Dataset excerpts

════════

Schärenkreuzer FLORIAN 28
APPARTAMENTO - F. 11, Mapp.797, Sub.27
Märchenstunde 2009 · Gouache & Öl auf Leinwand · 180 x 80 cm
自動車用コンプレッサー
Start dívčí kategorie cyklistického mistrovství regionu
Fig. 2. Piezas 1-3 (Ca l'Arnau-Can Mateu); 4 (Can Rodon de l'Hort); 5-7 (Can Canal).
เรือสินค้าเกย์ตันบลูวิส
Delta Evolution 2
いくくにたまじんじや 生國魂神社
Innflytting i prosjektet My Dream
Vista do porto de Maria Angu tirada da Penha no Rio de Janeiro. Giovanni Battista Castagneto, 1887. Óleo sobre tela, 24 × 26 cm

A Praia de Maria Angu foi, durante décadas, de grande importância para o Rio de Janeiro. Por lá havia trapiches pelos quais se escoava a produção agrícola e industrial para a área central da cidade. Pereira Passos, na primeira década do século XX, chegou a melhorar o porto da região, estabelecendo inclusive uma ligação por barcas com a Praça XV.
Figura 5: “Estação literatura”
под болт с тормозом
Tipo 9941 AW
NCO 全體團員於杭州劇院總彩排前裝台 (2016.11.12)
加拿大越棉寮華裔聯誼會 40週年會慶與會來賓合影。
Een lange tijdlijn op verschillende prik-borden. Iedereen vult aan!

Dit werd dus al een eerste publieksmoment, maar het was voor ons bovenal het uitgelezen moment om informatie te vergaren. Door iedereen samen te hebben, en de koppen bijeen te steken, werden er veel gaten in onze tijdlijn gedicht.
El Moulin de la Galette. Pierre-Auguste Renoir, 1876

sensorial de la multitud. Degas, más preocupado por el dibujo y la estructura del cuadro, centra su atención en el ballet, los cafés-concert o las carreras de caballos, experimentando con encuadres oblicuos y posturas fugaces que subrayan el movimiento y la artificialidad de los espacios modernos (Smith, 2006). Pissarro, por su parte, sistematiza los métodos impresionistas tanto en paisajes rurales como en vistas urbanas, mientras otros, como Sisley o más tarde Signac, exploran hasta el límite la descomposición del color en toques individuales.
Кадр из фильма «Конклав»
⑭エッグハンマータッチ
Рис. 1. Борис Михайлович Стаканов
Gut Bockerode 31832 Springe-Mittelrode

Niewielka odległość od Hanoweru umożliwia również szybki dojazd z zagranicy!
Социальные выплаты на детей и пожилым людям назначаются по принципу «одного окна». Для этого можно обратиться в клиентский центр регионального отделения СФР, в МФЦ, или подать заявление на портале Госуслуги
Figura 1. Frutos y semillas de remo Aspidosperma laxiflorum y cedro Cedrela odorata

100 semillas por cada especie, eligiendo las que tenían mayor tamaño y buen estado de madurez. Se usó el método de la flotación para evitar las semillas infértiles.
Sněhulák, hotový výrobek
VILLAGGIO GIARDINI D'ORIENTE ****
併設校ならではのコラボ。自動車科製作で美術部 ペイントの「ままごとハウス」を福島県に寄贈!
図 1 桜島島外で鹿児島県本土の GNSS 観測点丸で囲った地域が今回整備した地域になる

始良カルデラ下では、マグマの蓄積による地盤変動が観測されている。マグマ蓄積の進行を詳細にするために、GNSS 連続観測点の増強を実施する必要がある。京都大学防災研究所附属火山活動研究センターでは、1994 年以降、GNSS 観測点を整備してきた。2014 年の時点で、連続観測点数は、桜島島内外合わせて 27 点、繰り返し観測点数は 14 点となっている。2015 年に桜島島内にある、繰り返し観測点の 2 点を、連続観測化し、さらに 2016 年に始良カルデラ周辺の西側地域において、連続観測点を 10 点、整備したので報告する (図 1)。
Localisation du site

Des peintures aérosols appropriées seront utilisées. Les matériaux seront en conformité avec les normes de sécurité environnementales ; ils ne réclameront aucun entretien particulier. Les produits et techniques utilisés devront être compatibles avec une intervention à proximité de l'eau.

════════

■ EXERCISE OBJECTIVE
Count the lines of the records that contain the word "Angu". Give only the count.

■ RESPONSE AREA
2